In this study, the training and validation datasets were used to train and select the optimal parameters for the deep-learning networks. Classification results by Conv1D and VGG were used to represent the performance of popular deep-learning algorithms. Furthermore, Conv1D-RF and VGG-RF, as presented in Section 3.3, were proposed to represent the fusion performance of deep-learning and machine-learning algorithms. Table 8 shows the classification results of the hybrid CNN-RF networks and original deep-learning networks based on the selected features using OFSM and TFSM. The Conv1D and VGG classifiers performed worse than the Conv1D-RF and VGG-RF, with many areas with a higher “speckle” (i.e., more heterogeneity) of classes across the landscape. Compared to the TFSM results, there was less noise in the OFSM classification results, and some improvements were made regarding the misclassification and omission of the indistinguishable corn and soybean. The use of Conv1D-RF based on OFSM particularly improved the classification results of crop types compared with the other three networks.

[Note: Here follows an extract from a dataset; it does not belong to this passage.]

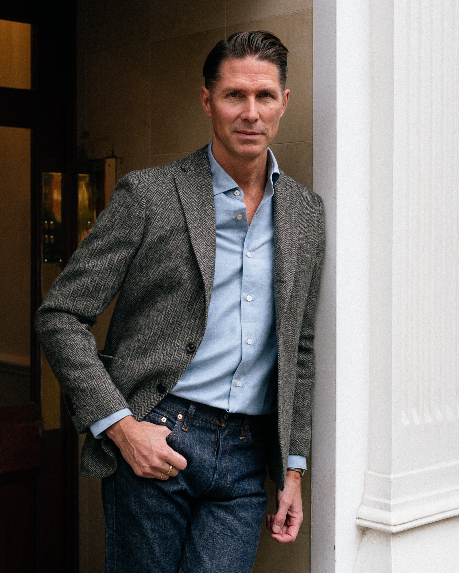 Mats wears a Boglioli K-Jacket made from a seasonal wool herringbone fabric.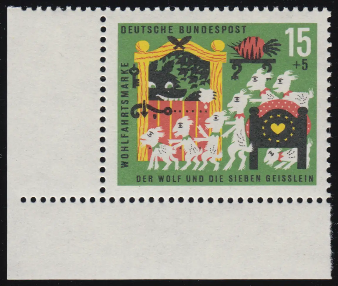 409 Wohlfahrt Grimm 15+5 Pf Sieben Geißlein ** Ecke u.l. Zähnung 8-0

To evaluate the effectiveness of the hybrid CNN-RF networks and original deep-learning networks, comparisons were conducted based on the test dataset. As shown in Table 9, the OA and K coefficient of OFSM were superior to those of TFSM. The classification results of the hybrid CNN-RF networks were better than those of the original deep-learning networks with softmax. The OA of Conv1D-RF was higher than that of Conv1D by 1.7%, and OA of VGG-RF was higher than that of VGG by 1.3%. The features extracted by the deep-learning networks were further input into random forest (RF) classifier for analysis, which can better extract and identify useful crop information. The experimental results demonstrate that the hybrid networks can make full use of the advantages of the two classifiers to effectively identify crops.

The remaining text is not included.